In Michael Connelly’s Echo Park, we meet Raynard Waits. He’s a brutal killer who’s been arrested for two gruesome murders, and found with grisly evidence of his crimes. Bosch, who’s working in the Open-Unsolved Unit for the L.A.P.D., gets the word that Waits may be willing to trade a confession for other murders in exchange for avoiding the death penalty. One of those cases is the disappearance and presumed murder of Marie Gesto, a young woman who walked out of a Hollywood supermarket and never made it home. Bosch himself investigated the Gesto case years earlier, and was never able to find the killer. He had a likely suspect in mind, but was never able to prove the case. So when Waits agrees to confess, Bosch has to re-think his theory of the case. Then, he finds that there was evidence at the time of the Gesto case that could have helped him find the real killer. Now, not only does Bosch have to look into the Waits killings to verify what Waits alleges, but he also has to face his own failure to prevent a group of murders that have occurred since Marie Gesto’s death.

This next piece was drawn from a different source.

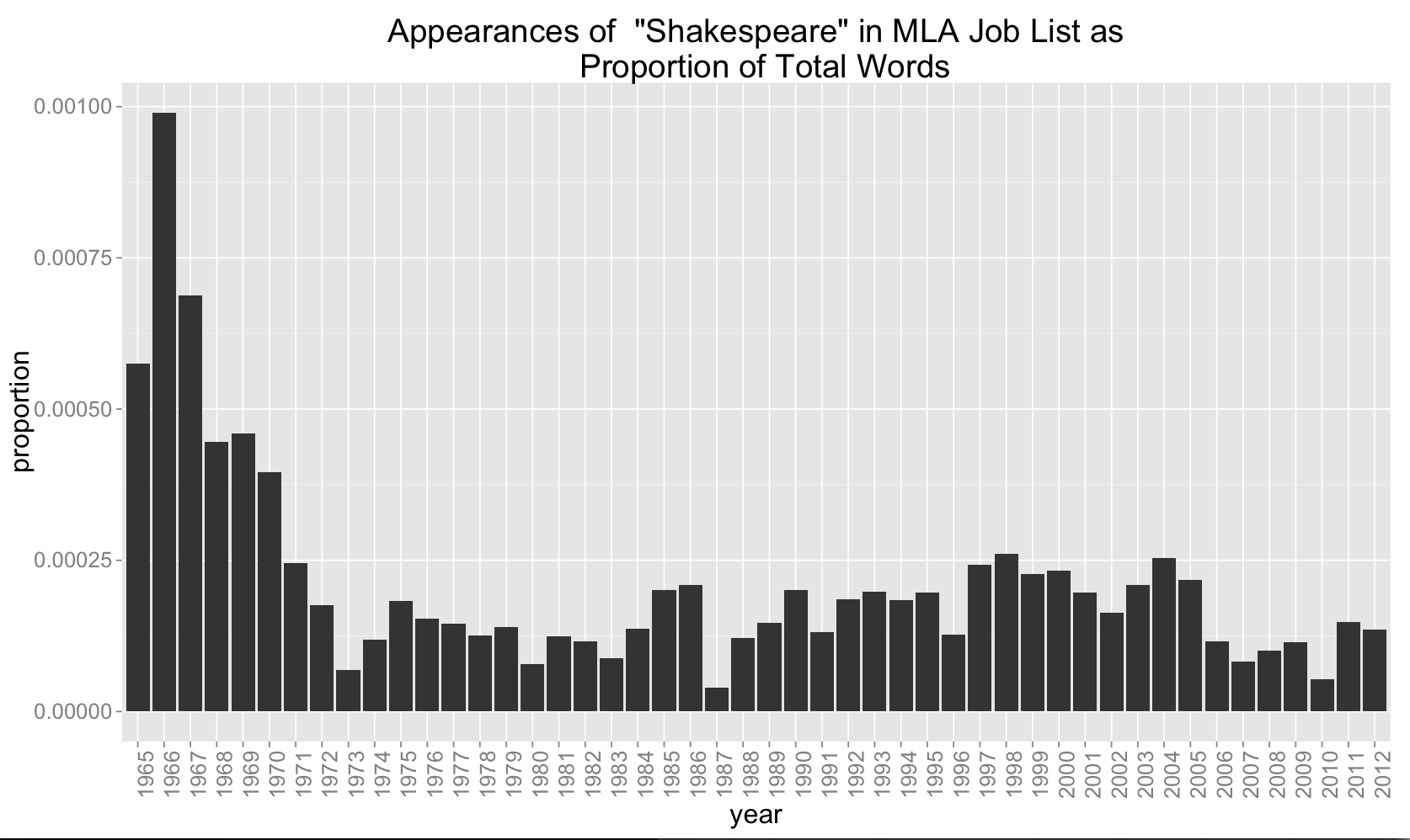 Around last year at this time, I became interested in what the archived editions of the MLA Job Information List could tell us about how the profession has changed over time. The MLA provided page-scans of all the JILs going back to 1965, and Jim Ridolfo used commercial OCR software to make them searchable. Once the documents were searchable, finding the first occurrence of various key words and graphing their frequency over time became feasible. One detail that became clear to me as I read each single issue of the JIL was that the formats differed enough to make graphs of relative frequencies somewhat misleading. Some of the editions are three times the size of others, and even normalizing over years doesn’t necessarily help here. So this image, for example, of the relative frequency of “shakespeare” in the JIL, needs additional interpretation:

We meet another deranged killer in Jeffery Deaver’s The Sleeping Doll. In that novel, California Bureau of Investigation interrogation expert Kathryn Dance is assigned to interview Daniel Pell, a convicted killer who’s the leader of a Manson-like cult “family.” Pell is in prison for the brutal murders of almost all of the members of the wealthy Croyten family. The only one who escaped Pell’s rampage was the youngest Croyten, Theresa. Dance needs Pell’s help in solving two other, more recent, brutal murders. So she visits him in prison to find out if he’s connected to the newer killings. Pell gets the better of Dance, though, and escapes. Then, more murders occur, and it seems that Pell and his group are on another killing spree, determined to get revenge on everyone who’s ever gotten in Pell’s way. Now, Dance and her team have to stop Pell and his group before they strike again.
In Simon Beckett’s Whispers of the Dead, forensic anthropologist David Hunter is on the trail of a brutal killer who has a peculiar kind of madness. Hunter is visiting Tennessee’s Anthropological Research Laboratory when he’s drawn into a macabre investigation. A decomposed body has been discovered at a cabin not far from the lab. As the lab team begins its investigation, another body is discovered, and then another. Before long, it’s obvious that a serial killer has been at work, and Hunter and his team have to track the killer down before there’s another murder even closer to home for Hunter. In this story, it’s not until Hunter figures out what the killer’s particular obsession is that he’s able to really put the pieces of the puzzle together.
Crime fiction that focuses on psychopathic killers is risky, both for the writer and for the reader. On one hand, this kind of killer can add a compelling layer of suspense, interest and action to a plot. And many people really are fascinated by the way the deranged mind works. On the other, it’s very, very easy for such a novel to degenerate into a clichéd, gratuitously violent bloodbath. That’s one reason, as a matter of fact, that many people avoid such novels. What’s your view? Do you read novels with the “psychopathic” theme? If so, which ones have you thought well-done?
*NOTE: The title of this post is a line from Pink Floyd’s Brain Damage.